Upon infection of epithelial cells, S. Typhimurium resides in SCVs, which recruit lysosomal membrane proteins including LAMP1. The environment of the SCV serves as a protective niche, promoting bacterial survival and replication; bacteria that are released from SCVs and exposed to the cytosol become targets for ubiquitin association and degradation (Birmingham et al., 2006). LRSAM1 knockdown did not affect the efficiency of S. Typhimurium invasion into HeLa cells (Figure 1D, 1 hr time point), nor the proportion of bacteria initially within SCVs, as evidenced by equivalent LAMP1 staining of bacteria at 1 hr postinfection (Figures 1E and S1E). However, at 6 hr postinfection a significantly increased proportion of Salmonella in LRSAM1-depleted cells was LAMP1-negative, suggestive of exit from the SCV into the cytoplasm without subsequent destruction by autophagy (Figure 1E). We next directly quantified cytoplasmic S. Typhimurium using differential digitonin permeabilization and antibody staining of cytoplasmic bacteria (Malik-Kale et al., 2012) (Figures 1F and S1F). LRSAM1- and ATG16L1-knockdown cells had higher numbers of bacteria per cell than control cells at 6 hr postinfection, indicative of enhanced replication in the cytoplasm. When these data were examined in terms of the proportion of cytoplasmic bacteria compared to control cells, we further confirmed that both ATG16L1- and LRSAM1-deficient cells showed increased proportions of cytoplasmic bacteria with 56% ± 15% and 57% ± 16% of total internalized bacteria, respectively, compared to just 13% ± 3% in controls (means ± SEM from three independent experiments). Examples of LAMP1 and cytoplasmic anti-Salmonella staining are shown in Figures S1E and S1F. Investigation of the maturation status of SCVs revealed that LRSAM1 colocalizes with markers of the early maturation phase of the vacuolar compartment including Rab4, but not Rab11 or sorting nexin-3 (Figure 1G) (Birmingham et al., 2006; Braun et al., 2010; Smith et al., 2005). These data underlined a prominent role for LRSAM1 in antibacterial autophagy; we therefore set out to further investigate the role of LRSAM1 domains in the recognition and autophagy of bacteria.

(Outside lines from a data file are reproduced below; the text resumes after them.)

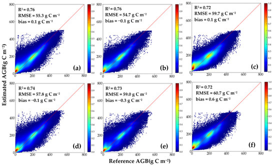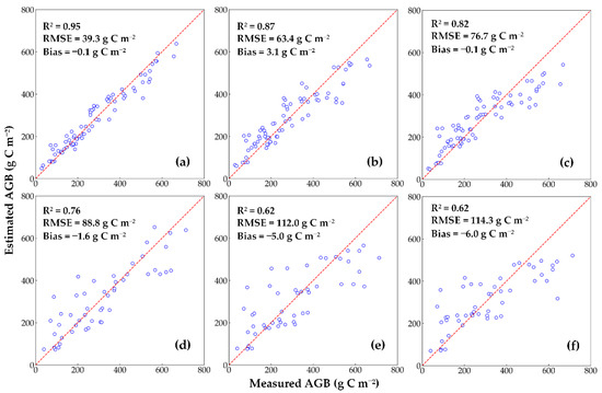 where refers to the number of samples and and refer to the ith reference and estimated AGB, respectively. and refer to the average value of the reference and estimated AGB, respectively.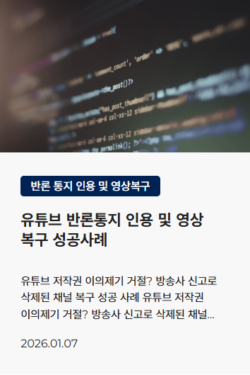 유튜브 저작권 반론통지는 한 번 거절당하면 다시 뒤집기가 매우 어렵기에, 첫 단추를 어떻게 끼우느냐가 채널의 생사를 가릅니다. 지금 경고 누적으로 인한 채널 삭제 공포에 떨고 계신다면, 더 이상 혼자 고민하며 골든타임을 허비하지 마세요.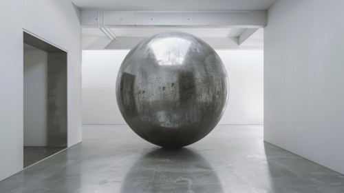 a huge concrete sphere broken and sqweezed in a door entarance, large minimal and clean studio, the sphere is larger than the door, --ar 16:9 --style raw --v 6.0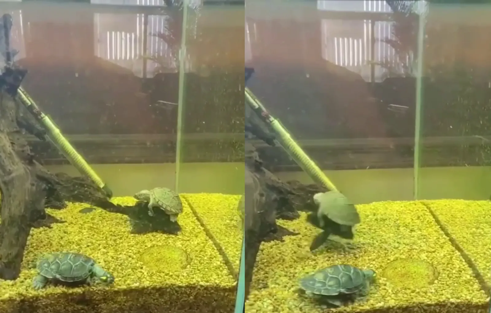 Рептилия устала ждать, пока кто-нибудь предложит ей покатушки, и организовала их себе сама, оседлав ничего не подозревающую рыбку. Остается лишь два вопроса: как и передаст ли черепаха за проезд?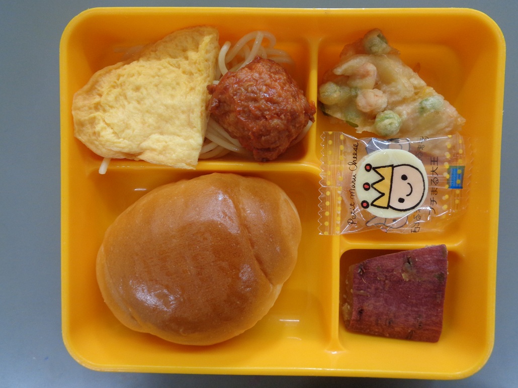 ベビーオムレツ 肉団子のケチャップ和え スパゲッティのオイル和え ミックスベジタブルと玉ねぎのかき揚げ 等

To elucidate the mechanism of LRSAM1 action, we used an RNAi knockdown/rescue strategy. We generated a series of siRNA-resistant constructs to express full-length or truncated LRSAM1 during knockdown of endogenous protein (Figure 2A). Cotransfection of these constructs with control siRNA duplexes demonstrated no significant effect of LRSAM1 construct expression on anti-Salmonella autophagy (Figure 2B). LRSAM1 knockdown resulted in loss of anti-Salmonella autophagy, which was rescued by expression of the full-length LRSAM1 protein, but not by ΔLRR or ΔRING domain mutants (Figures 2C and 2D). Examination of the localization of these mutants during S. Typhimurium infection showed that in cells expressing solely LRSAM1 ΔRING, LRSAM1 still localized to internalized bacteria (Figure 2E). In contrast, LRSAM1 ΔLRR did not associate with bacteria, despite equivalent cytoplasmic expression. This was also the case for the Δ190 mutant. In a reciprocal experiment, we observed that a truncated protein composed of only the N-terminal 190 amino acids (aa) of LRSAM1 (N190) efficiently localized to internalized bacteria (Figure 2E).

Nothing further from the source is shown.